**About this exercise**: Your answer must be an exact transcription of the data, with every picture omitted.

**Provided data**:
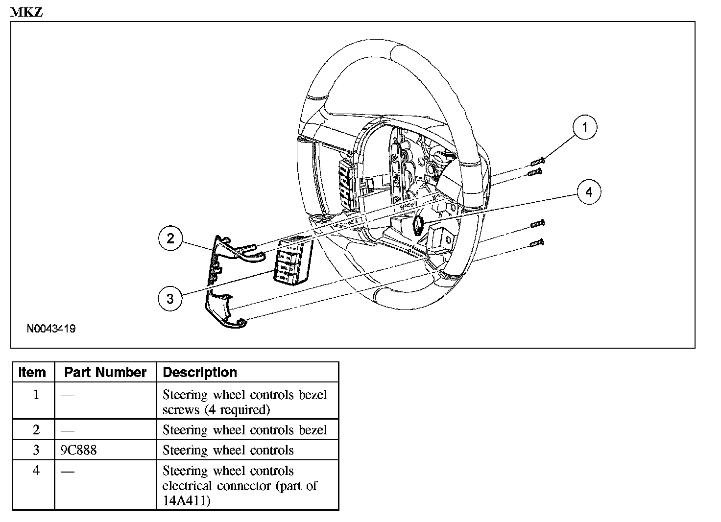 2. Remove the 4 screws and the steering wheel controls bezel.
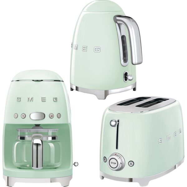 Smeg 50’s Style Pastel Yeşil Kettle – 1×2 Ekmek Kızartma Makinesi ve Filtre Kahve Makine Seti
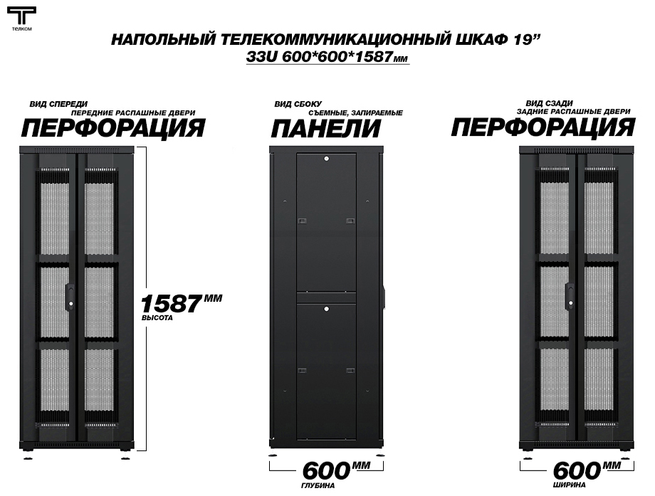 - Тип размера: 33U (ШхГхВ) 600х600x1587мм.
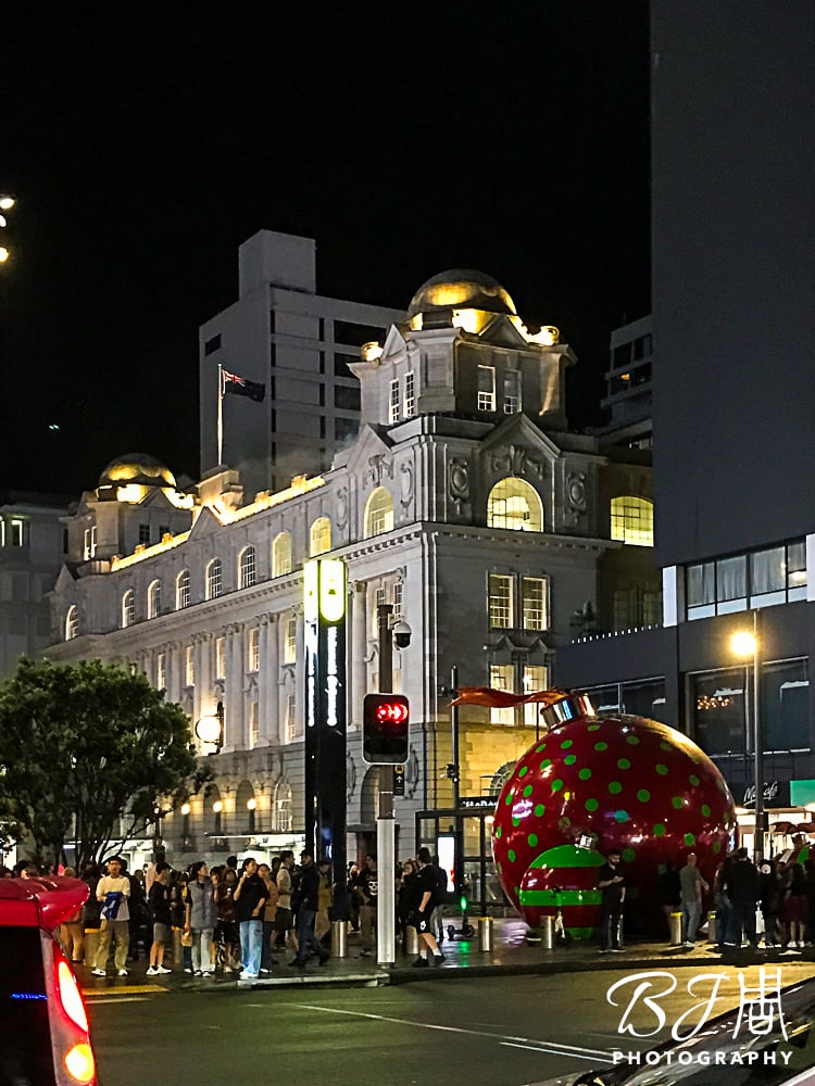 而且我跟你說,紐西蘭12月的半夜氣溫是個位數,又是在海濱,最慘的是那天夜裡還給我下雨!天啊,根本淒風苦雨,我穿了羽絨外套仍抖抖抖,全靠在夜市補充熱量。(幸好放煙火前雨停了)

**Result of this exercise**:
 2. Remove the 4 screws and the steering wheel controls bezel.
 Smeg 50’s Style Pastel Yeşil Kettle – 1×2 Ekmek Kızartma Makinesi ve Filtre Kahve Makine Seti
 - Тип размера: 33U (ШхГхВ) 600х600x1587мм.
 而且我跟你說,紐西蘭12月的半夜氣溫是個位數,又是在海濱,最慘的是那天夜裡還給我下雨!天啊,根本淒風苦雨,我穿了羽絨外套仍抖抖抖,全靠在夜市補充熱量。(幸好放煙火前雨停了)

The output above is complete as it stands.